Necrophobia
自宅アパートに戻った静雄は取りあえず臨也をベッドに横たえた。ガタガタ震えたままの臨也は完全に前後不覚の様子で。
荒々しい呼吸と赤らみ苦痛に歪む顔、額には汗が滲み、そのくせ相変わらず さむい を繰り返している。
静雄は不安になりつつも、大げさな事、救急車を呼ぶのはよしておいて、神羅に電話をする。
「あれー静雄から電話だなんて実に青天の霹靂といった事態だね、一体どうしたんだい?」
「…それがよぉ、ノミ蟲が…何か変なんだ…」
「え?臨也が?彼の事を今更静雄が変だなんて」
「なんか、ずっとさむいさむいって、意味わかんねぇんだけど…」
神羅は少し緊張した声色の静雄に興味が湧いていたが、その事には触れず、
「熱でもあるんじゃないのかな?静雄の自宅かい?」
「不本意だがそうだ。今寝てるんだけどずっと震えてて…」
「わかったすぐそっちへ向かうよ。じゃあね静雄。
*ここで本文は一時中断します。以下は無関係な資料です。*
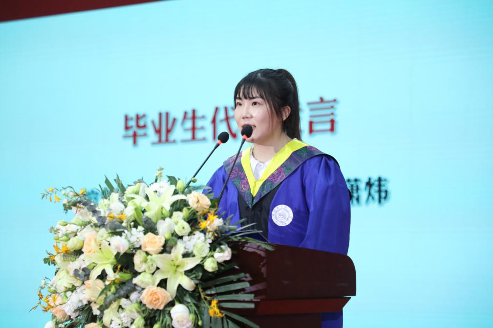 生物医学工程系钱志余教授作为教师代表发言,勉励毕业生常怀包容感恩之心,坚持勤奋学习,努力工作,不畏挑战,勇敢面对困难和未来。控制科学与工程专业瞿潇炜同学代表毕业生分享了自己的成长感悟,表达了对母校、老师和家长辛勤培育的感恩之情,表示将会继续传承报国使命,为中华民族伟大复兴贡献自己的青春、智慧和力量。教师代表、辅导员代表、学生代表为大家带来诗朗诵《感恩相遇,不负韶华》,回顾了永远难忘的师生情、同学情和三年青春年华。

いいよねセルティ?」
話を終わらせながらセルティに確認を取る声がして、そのまま電話は切れた。
「…さ、むい、シズ、ちゃ、ん」
瞼は閉じたまま臨也がうわ言のように静雄を呼び、静雄は部屋を暖めようと暖房の温度をMAXまで上げ、ベッドのすぐ横に腰を下ろす。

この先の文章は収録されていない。